Stories by American Authors, Volume 5

Chapter 6

Chapter 63,827 wordsPublic domain

Two days after Blanco's arrest the physician, now in constant attendance upon his wife, filed the death certificate of a stillborn child. Puerperal fever set in, and the life of the unhappy woman for more than two weeks trembled in the balance. During the first week a telegram from New Orleans, which Blanco's captor had permitted him to send, came, addressed to her.

The physician opened it; but as she was almost constantly unconscious, it was impossible to inform her of its contents for some days. Then she was simply told that her husband had been heard from, and was safe. The doctor peremptorily forbade any information being given her of Blanco's true situation; and as she could not understand the language, and so glean intelligence from the newspapers, which contained reports of the inquiry conducted by the Commissioner, and the complete identification of the prisoner as Leon Sangrado, she, of course, remained in ignorance of what had happened.

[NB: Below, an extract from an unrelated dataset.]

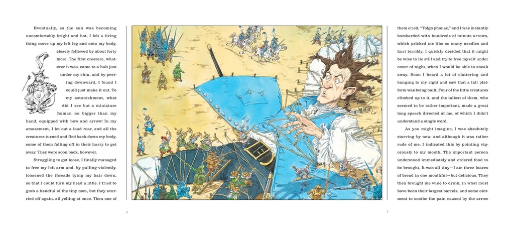 In the best-known tale from Jonathan Swift’s classic satire, Lemuel Gulliver survives a shipwreck only to find himself on a strange island with even stranger inhabitants: miniature humans, no bigger than his hand. Gulliver’s adventure on Lilliput has been adapted by award-winning author Martin Jenkins in a witty, accessible retelling that remains faithful to the darkly comic tone of Swift’s original. Beloved by adults and children alike, Gulliver’s first journey is illustrated in brilliant panoramic detail by the masterful Chris Riddell in a wonderfully eccentric complement to the text. First published in Jonathan Swift’s Gulliver, Jenkins and Riddell’s Kate Greenaway Medal–winning adaptation of all four tales, Voyage to Lilliput is now available as a standalone volume.

Some five weeks elapsed before she was judged sufficiently strong to bear the shock which such news would inevitably produce. Then she was told as gently as possible, all mention of the nature of the charges against Blanco being avoided.

She listened in silent surprise.

"But he has never been in Chili in his life," she insisted.

The old doctor, himself a Spaniard, looked at her pityingly, but said nothing.

"He has been Consul before nowhere but at Trieste; how could he have been in South America?" she continued.

"Consul? Is your husband, then, in the Consular service of Spain?" queried the doctor, somewhat surprised.

"He is here as Consul to Charleston--in--ah, what is the name?--Carolina."

"Can you prove that?" demanded the physician, somewhat excitedly.

"I can--that is, I think there are official papers in the trunks. Is it necessary?"

"Very necessary."

"Here are the keys, then."

The doctor in her presence opened the luggage, and in a curiously arranged secret compartment in one of the trunks found the documents. After a few moments spent in looking them over, he said:

"Do you feel strong to-day?"

"Not very."

"I think you could travel, however. I will see that your baggage is properly packed, if you will be prepared to accompany me to-morrow morning."

"But whither?"

"To Washington; to the Spanish Minister. This is a serious business."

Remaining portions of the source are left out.